1. I will start a new cycle today or tomorrow (despite a lack of spotting thus far) OR
2. I had a delayed ovulation.
I had a negative pregnancy test Friday and another clearly negative test Saturday, so it is pretty much a 100% sure bet that we didn't miraculously get pregnant during what I THOUGHT was my fertile phase around the typical day 14-15.
BUT. We seem to vaguely remember a late-night conversation about a week AFTER my fertile phase of, "Oh, we're definitely out of the woods now, I was fertile, like, a week ago." GULP.
Delayed ovulation can be a week or more after your body's first attempt to release an egg. If it was about a week after when I thought I was fertile, I'd be at 10 days post ov today and able to test on Wednesday. I don't REMEMBER a second round of fertile fluid...but I wasn't looking for it, either.
If I ovulated even later than that, who knows where I'm at?? Since sperm can survive for up to five days, there's a wide range of possibilities!
I still feel like I will most likely start a new cycle today or tomorrow.

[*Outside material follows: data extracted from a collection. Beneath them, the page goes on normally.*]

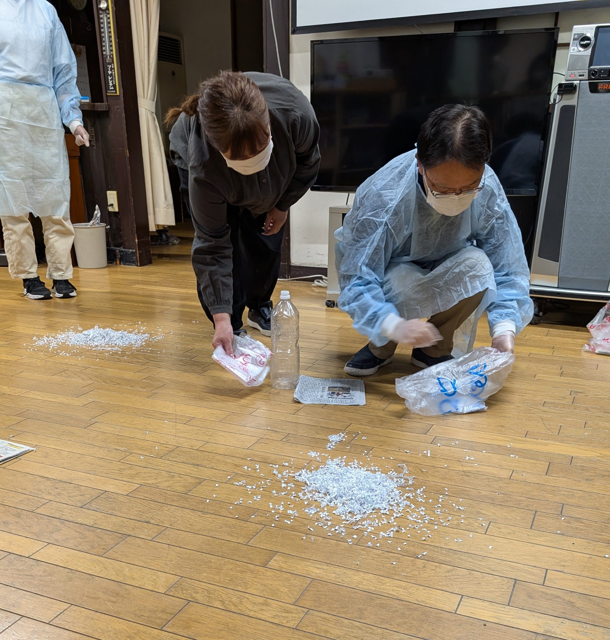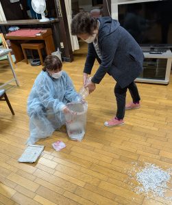 高齢者施設における感染制御の基本や標準予防策(スタンダードプリコーション)について復習し、嘔吐物処理の演習を行いました。
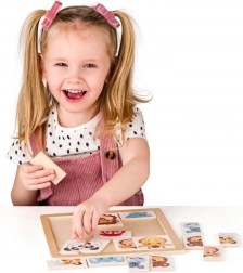 Dette træpuslespil med safarimotiver giver børn glæden ved at opdage. Hvert dyr er delt i flere brikker, som børnene samler i de rigtige kombinationer – eller kreativt kan blande. Det robuste træ og de klare farver indbyder til gentagen leg og udvikler finmotorik og koncentration.
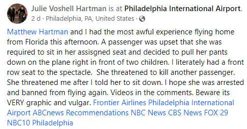 சக பயணியான ஜூலி வோஷெல் ஹார்ட்மேன் இந்த வீடியோவையும், சம்பவத்தின் சில விவரங்களையும் பேஸ்புக்கில் பகிர்ந்துள்ளார். அவரது பதிவில் குறிப்பிட்டுள்ளதாவது, "இன்று மதியம் புளோரிடாவிலிருந்து வீட்டிற்கு பறந்ததில் எனக்கும் மேத்யூ ஹார்ட்மேனுக்கும் மிகவும் மோசமான அனுபவம் கிடைத்தது. ஒரு பயணி தனக்கு ஒதுக்கப்பட்ட இருக்கையில் அமர வேண்டும் என்று வருத்தமடைந்தார், மேலும் இரண்டு குழந்தைகளுக்கு முன்னால் தனது பேண்ட்டை விமானத்தில் கீழே இழுக்க முடிவு செய்தார். என்னுடைய முன் வரிசையில் இருக்கை வைத்திருந்தேன். மற்றொரு பயணியை கொன்று விடுவதாக மிரட்டினார். நான் அவளை உட்காரச் சொன்ன பிறகு அவள் என்னை மிரட்டினாள்,” என்று ஹார்ட்மேன் எழுதினார்.
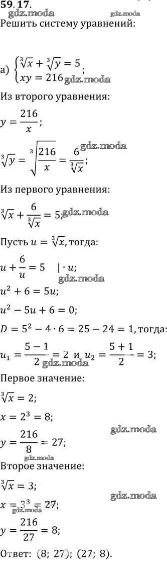 ОТВЕТ на задание № 59. 17 Задачник по Алгебре 10-11 класс Мордкович Базовый уровень
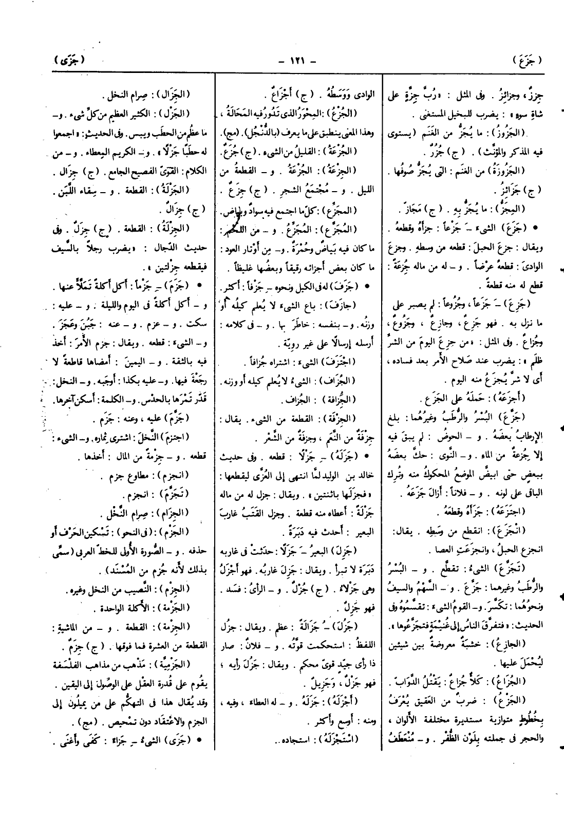 جزما أكل أَكلَة تملأ عَنْهَا وَأكل أَكلَة فِي الْيَوْم وَاللَّيْلَة وَعَلِيهِ سكت وعزم وَعنهُ جبن وَعجز وَالشَّيْء قطعه وَيُقَال جزم الْأَمر أَخذ فِيهِ بالثقة وَالْيَمِين أمضاها قَاطِعَة لَا رَجْعَة فِيهَا وَعَلِيهِ بِكَذَا أوجبه وَالنَّخْل قدر تمرها بالحدس والكلمة أسكن آخرهَا
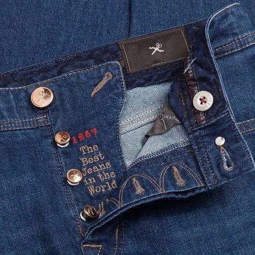 Отметим, что у джинсов Tramarossa есть также уникальные детали. Они могут похвастать сдвоенными петлями для ремня, причём таких пар петель – шесть. Всего петель — двенадцать (напомним, на масс-маркетных джинсах подобных петель всего пять). Кроме того, джинсы Tramarossa имеют дополнительную пуговицу на поясе (она гарантирует более ровную посадку, но при желании её можно игнорировать), а все пуговицы-болты являются подвижными, — то есть легко застёгиваются.

BUT, of course, my mind cannot help but think about that very (VERY) rare occurrence of us taking a risk in the last half of a cycle...combined with the teeny tiny possibility that I ovulated late this cycle. If that ridiculous combination of high unlikely events results in a pregnancy, it would definitely be 'a God thing' and meant to be!! And I won't rest until I know for sure one way or the other.
Naturally, my husband is taking the "Well, aren't we going to know in a few days either way? You'll either start or get a positive test? Can we worry about it then?" approach.
It's like he doesn't know me at all!! Of COURSE I will obsess about it until AF arrives OR I can test again!!
So while the waiting game continues, here's some information about delayed ovulation for anyone interested. Delayed ovulation, by the way, is the explanation for MANY 'late periods' when women THINK they are pregnant. They just ovulated later than expected!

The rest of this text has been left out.